Historically, the cities of Ōme, Fussa, Hamura, and Akiruno were parts of Nishitama District but these were broken off from the district after they were elevated to city status.

==Education==
Each of the towns and villages operates separate public elementary and junior high school systems.

Tokyo Metropolitan Government Board of Education operates Mizuho Nougei High School in Mizuho.

The school district also operates the following high schools in nearby Ōme:
- Norin High School
- Ome Sogo High School
- Tama High School

The district operates the following high schools in Fussa:
- Fussa High School
- Tama Technical High School

The district operates Hamura High School in Hamura.

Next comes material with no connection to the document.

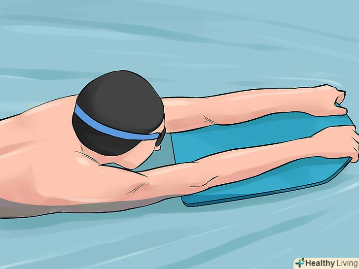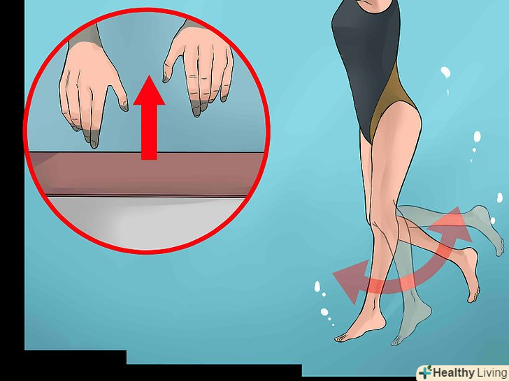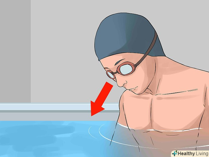 Коли ви готові, перестаньте триматися за стіну. відштовхніться від дна ногами. Гребіть руками і робіть помахи.

The district operates the following schools in Akiruno:
- Akirudai High School
- Itsukaichi High School

==District timeline==
- July 22, 1878: Tama District, which it had long been part of former Musashi Province, was divided into four parts: Higashitama (Eastern Tama), Kitatama (Northern Tama), Minamitama (Southern Tama) and Nishitama (Western Tama). Nishitama District had 1 town and 93 village areas.
- April 1, 1889: The new legislation, Nishitama District had 2 towns and 30 villages areas.
- April 1, 1893: Nishitama District was transferred from Kanagawa Prefecture to Tokyo Prefecture.
- June 1, 1955: The villages of Ohisano and Hirai were merged to create the new village of Hinode.
- October 1, 1956: The village of Nishitama was elevated to town status and renamed to Hamura.
- October 15, 1958: Parts of the village of Motosayama (from Iruma District, Saitama Prefecture), excluding the parts that was merged into the town of Musashi (from Iruma District) on October 14, 1958, was merged into the town of Mizuho.
- July 1, 1970: The town of Fussa was elevated to city status.
- May 5, 1972: The town of Akita was elevated to city status and renamed to Akigawa.
- June 1, 1974: The village of Hinode was elevated to town status.
- November 1, 1991: The town of Hamura was elevated to city status.
- September 1, 1995: The town of Itsukaichi was merged with the city of Akigawa to create the city of Akiruno.